EXERCISE REQUIREMENTS. Reproduce the lines below exactly. Begin with the first, end with the line containing "图 5 (a)用直径为10", and leave out the pictures.
INFORMATION SUPPLIED: Begin
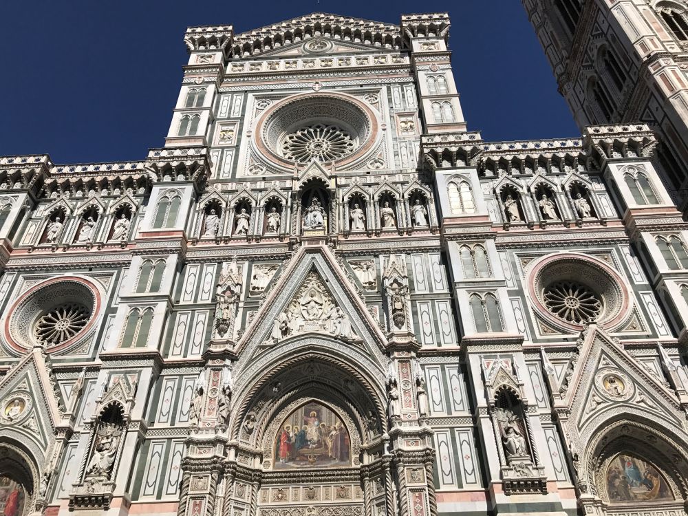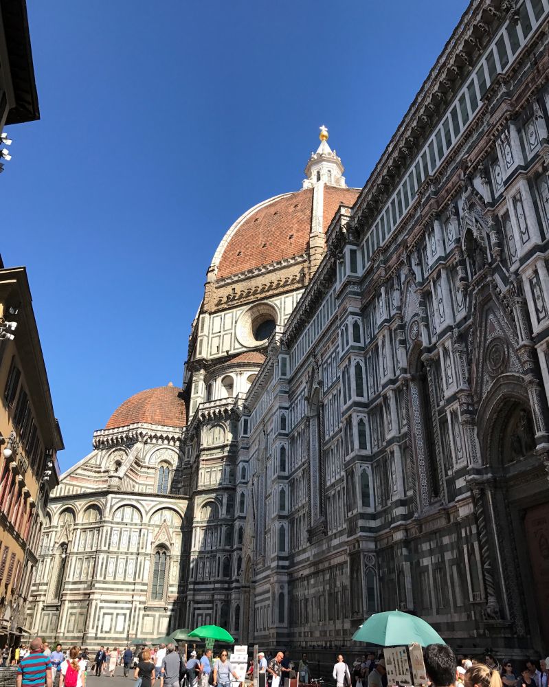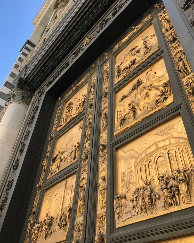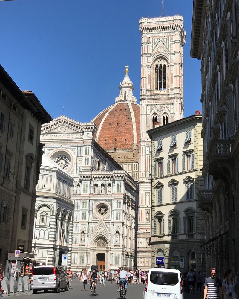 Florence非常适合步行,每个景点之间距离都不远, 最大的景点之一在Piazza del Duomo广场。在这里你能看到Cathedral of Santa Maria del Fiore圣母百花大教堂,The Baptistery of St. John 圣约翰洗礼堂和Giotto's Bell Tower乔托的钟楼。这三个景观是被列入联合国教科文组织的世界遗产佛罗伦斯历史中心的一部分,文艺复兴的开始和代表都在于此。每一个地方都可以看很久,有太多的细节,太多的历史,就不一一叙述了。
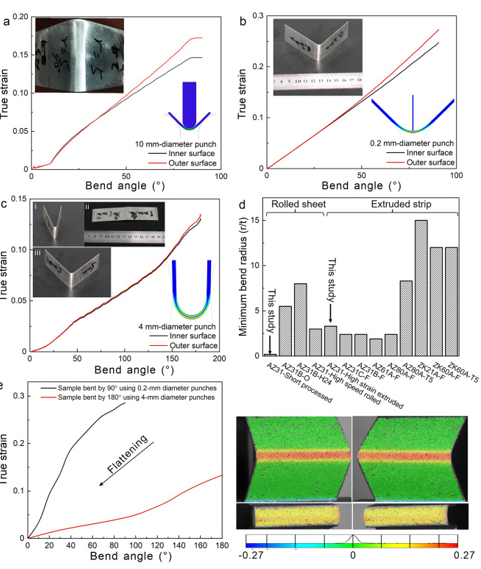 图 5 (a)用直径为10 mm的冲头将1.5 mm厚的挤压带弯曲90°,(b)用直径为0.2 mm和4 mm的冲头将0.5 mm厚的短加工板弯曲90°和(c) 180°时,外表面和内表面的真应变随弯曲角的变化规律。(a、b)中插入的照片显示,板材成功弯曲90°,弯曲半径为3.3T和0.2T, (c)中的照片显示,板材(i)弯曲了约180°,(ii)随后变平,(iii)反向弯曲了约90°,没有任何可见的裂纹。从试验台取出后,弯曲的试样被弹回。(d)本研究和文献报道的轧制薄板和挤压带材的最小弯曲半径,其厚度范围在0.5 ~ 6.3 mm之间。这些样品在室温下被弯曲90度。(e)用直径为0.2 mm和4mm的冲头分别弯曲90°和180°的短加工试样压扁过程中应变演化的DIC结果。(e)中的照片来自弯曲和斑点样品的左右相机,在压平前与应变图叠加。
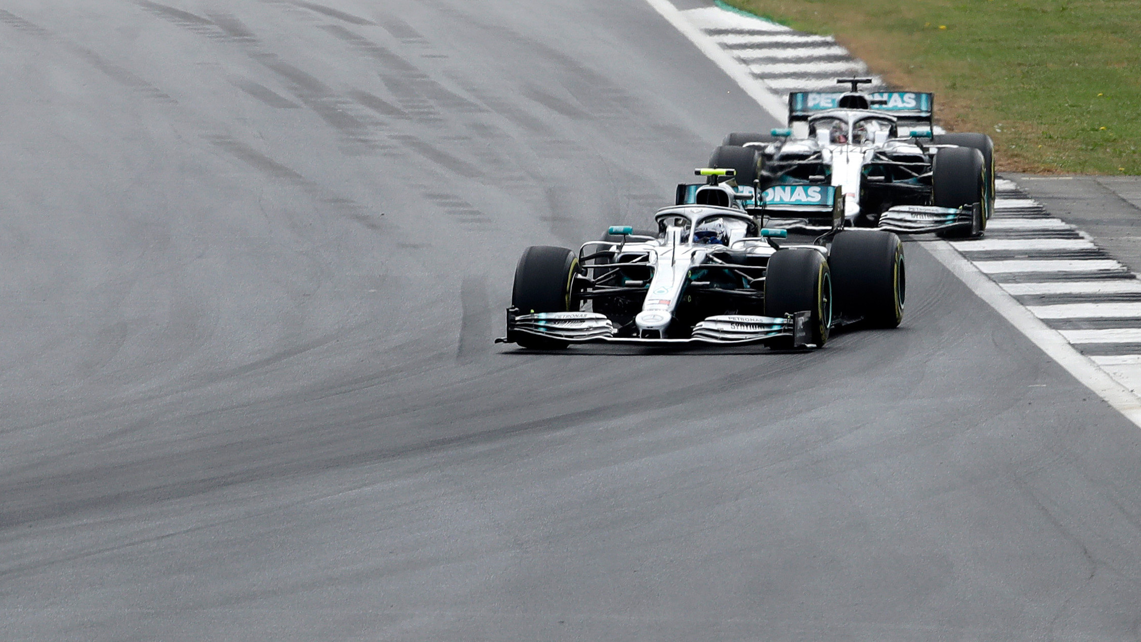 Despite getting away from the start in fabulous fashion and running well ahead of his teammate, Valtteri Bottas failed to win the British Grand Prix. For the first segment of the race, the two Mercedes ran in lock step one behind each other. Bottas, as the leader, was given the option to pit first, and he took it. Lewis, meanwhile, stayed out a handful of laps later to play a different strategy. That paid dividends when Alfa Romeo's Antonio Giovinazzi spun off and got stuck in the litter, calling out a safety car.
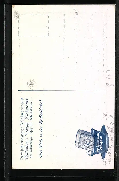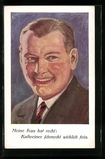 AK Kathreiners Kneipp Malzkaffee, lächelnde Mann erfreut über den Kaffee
INFORMATION SUPPLIED: End
WRITTEN REPLY.
 Florence非常适合步行,每个景点之间距离都不远, 最大的景点之一在Piazza del Duomo广场。在这里你能看到Cathedral of Santa Maria del Fiore圣母百花大教堂,The Baptistery of St. John 圣约翰洗礼堂和Giotto's Bell Tower乔托的钟楼。这三个景观是被列入联合国教科文组织的世界遗产佛罗伦斯历史中心的一部分,文艺复兴的开始和代表都在于此。每一个地方都可以看很久,有太多的细节,太多的历史,就不一一叙述了。
 图 5 (a)用直径为10 mm的冲头将1.5 mm厚的挤压带弯曲90°,(b)用直径为0.2 mm和4 mm的冲头将0.5 mm厚的短加工板弯曲90°和(c) 180°时,外表面和内表面的真应变随弯曲角的变化规律。(a、b)中插入的照片显示,板材成功弯曲90°,弯曲半径为3.3T和0.2T, (c)中的照片显示,板材(i)弯曲了约180°,(ii)随后变平,(iii)反向弯曲了约90°,没有任何可见的裂纹。从试验台取出后,弯曲的试样被弹回。(d)本研究和文献报道的轧制薄板和挤压带材的最小弯曲半径,其厚度范围在0.5 ~ 6.3 mm之间。这些样品在室温下被弯曲90度。(e)用直径为0.2 mm和4mm的冲头分别弯曲90°和180°的短加工试样压扁过程中应变演化的DIC结果。(e)中的照片来自弯曲和斑点样品的左右相机,在压平前与应变图叠加。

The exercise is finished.